Redigera

Dela via


Percentage Sampling Transformation

Applies to: SQL Server SSIS Integration Runtime in Azure Data Factory

The Percentage Sampling transformation creates a sample data set by selecting a percentage of the transformation input rows. The sample data set is a random selection of rows from the transformation input, to make the resultant sample representative of the input.

Note

In addition to the specified percentage, the Percentage Sampling transformation uses an algorithm to determine whether a row should be included in the sample output. This means that the number of rows in the sample output may not exactly reflect the specified percentage. For example, specifying 10 percent for an input data set that has 25,000 rows may not generate a sample with 2,500 rows; the sample may have a few more or a few less rows.

The Percentage Sampling transformation is especially useful for data mining. By using this transformation, you can randomly divide a data set into two data sets: one for training the data mining model, and one for testing the model.

The Percentage Sampling transformation is also useful for creating sample data sets for package development. By applying the Percentage Sampling transformation to a data flow, you can uniformly reduce the size of the data set while preserving its data characteristics. The test package can then run more quickly because it uses a small, but representative, data set.

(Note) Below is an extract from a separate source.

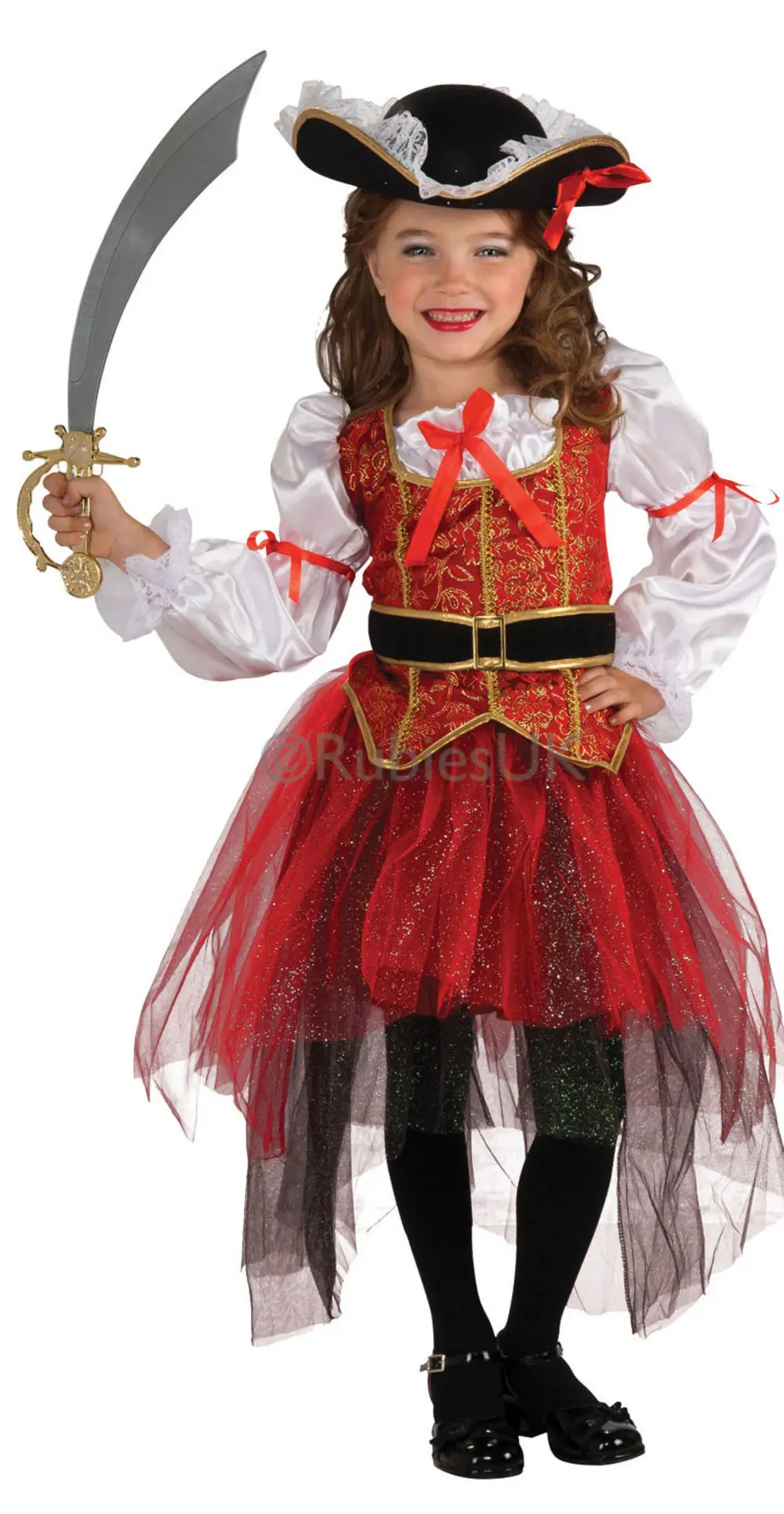 pirate style blouse, red vest with a gold trim, black and gold belt, and

Configuration the Percentage Sampling Transformation

You can specify a sampling seed to modify the behavior of the random number generator that the transformation uses to select rows. If the same sampling seed is used, the transformation always creates the same sample output. If no seed is specified, the transformation uses the tick count of the operating system to create the random number. Therefore, you might choose to use a standard seed when you want to verify the transformation results during the development and testing of a package, and then change to use a random seed when the package is moved into production.

This transformation is similar to the Row Sampling transformation, which creates a sample data set by selecting a specified number of the input rows. For more information, see Row Sampling Transformation.

The Percentage Sampling transformation includes the SamplingValue custom property. This property can be updated by a property expression when the package is loaded. For more information, see Integration Services (SSIS) Expressions, Use Property Expressions in Packages, and Transformation Custom Properties.

The transformation has one input and two outputs. It does not support an error output.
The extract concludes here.